- RECORDS TO USE
--------------------------------------------------

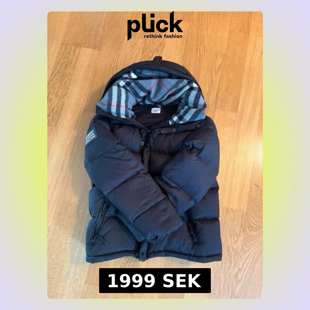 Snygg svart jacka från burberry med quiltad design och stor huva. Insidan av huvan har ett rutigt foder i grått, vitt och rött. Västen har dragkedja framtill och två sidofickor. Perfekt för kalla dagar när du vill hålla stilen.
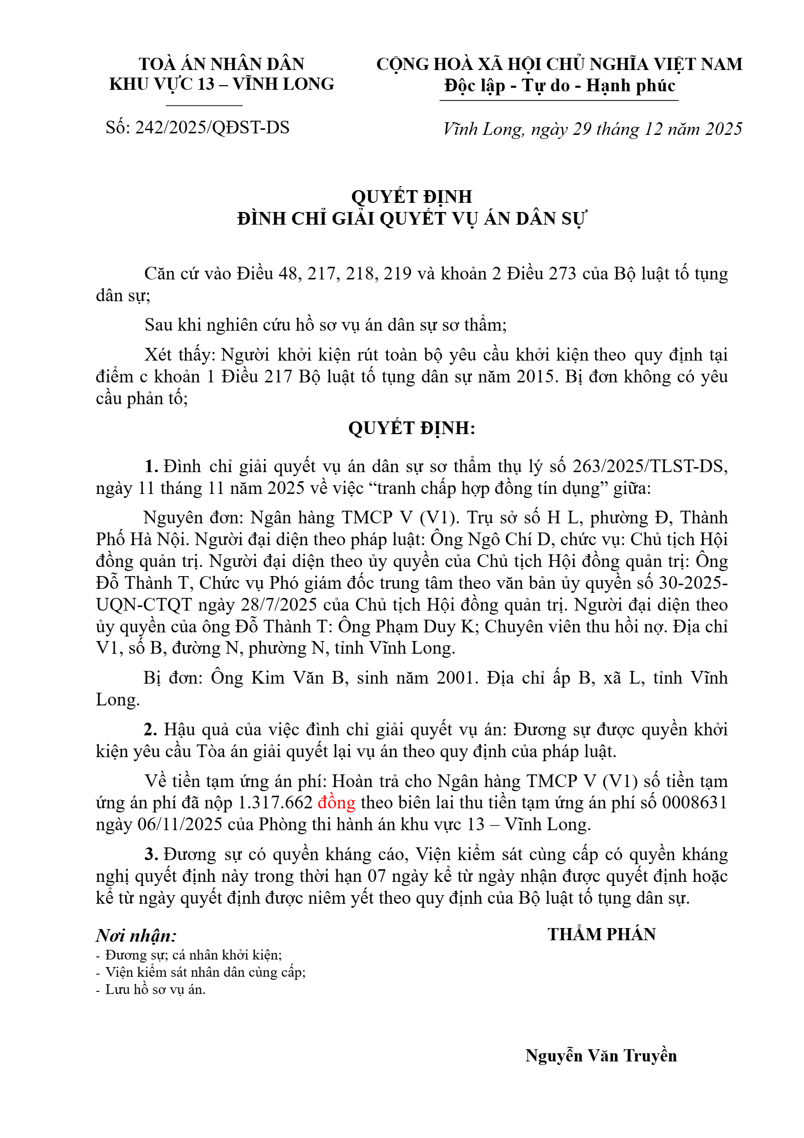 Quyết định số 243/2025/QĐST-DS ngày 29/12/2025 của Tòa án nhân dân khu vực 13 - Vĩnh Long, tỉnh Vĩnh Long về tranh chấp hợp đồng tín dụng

--------------------------------------------------

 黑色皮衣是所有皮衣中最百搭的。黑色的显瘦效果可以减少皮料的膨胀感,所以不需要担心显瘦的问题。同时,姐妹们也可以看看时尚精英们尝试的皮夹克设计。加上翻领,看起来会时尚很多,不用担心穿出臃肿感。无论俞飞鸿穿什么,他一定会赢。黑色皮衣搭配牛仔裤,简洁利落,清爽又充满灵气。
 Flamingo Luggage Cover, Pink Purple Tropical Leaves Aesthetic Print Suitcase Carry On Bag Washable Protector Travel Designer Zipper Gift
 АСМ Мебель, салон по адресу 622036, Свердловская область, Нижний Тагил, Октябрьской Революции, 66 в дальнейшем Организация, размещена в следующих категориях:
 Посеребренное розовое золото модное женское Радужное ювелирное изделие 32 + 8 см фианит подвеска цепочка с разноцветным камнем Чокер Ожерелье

--------------------------------------------------

- PROBLEM DESCRIPTION
Using the data above, copy exactly the lines from the one containing "Snygg svart jacka" to the one containing "Quyết định số", inclusive. Exclude the pictures.

- FINAL ANSWER
 Snygg svart jacka från burberry med quiltad design och stor huva. Insidan av huvan har ett rutigt foder i grått, vitt och rött. Västen har dragkedja framtill och två sidofickor. Perfekt för kalla dagar när du vill hålla stilen.
 Quyết định số 243/2025/QĐST-DS ngày 29/12/2025 của Tòa án nhân dân khu vực 13 - Vĩnh Long, tỉnh Vĩnh Long về tranh chấp hợp đồng tín dụng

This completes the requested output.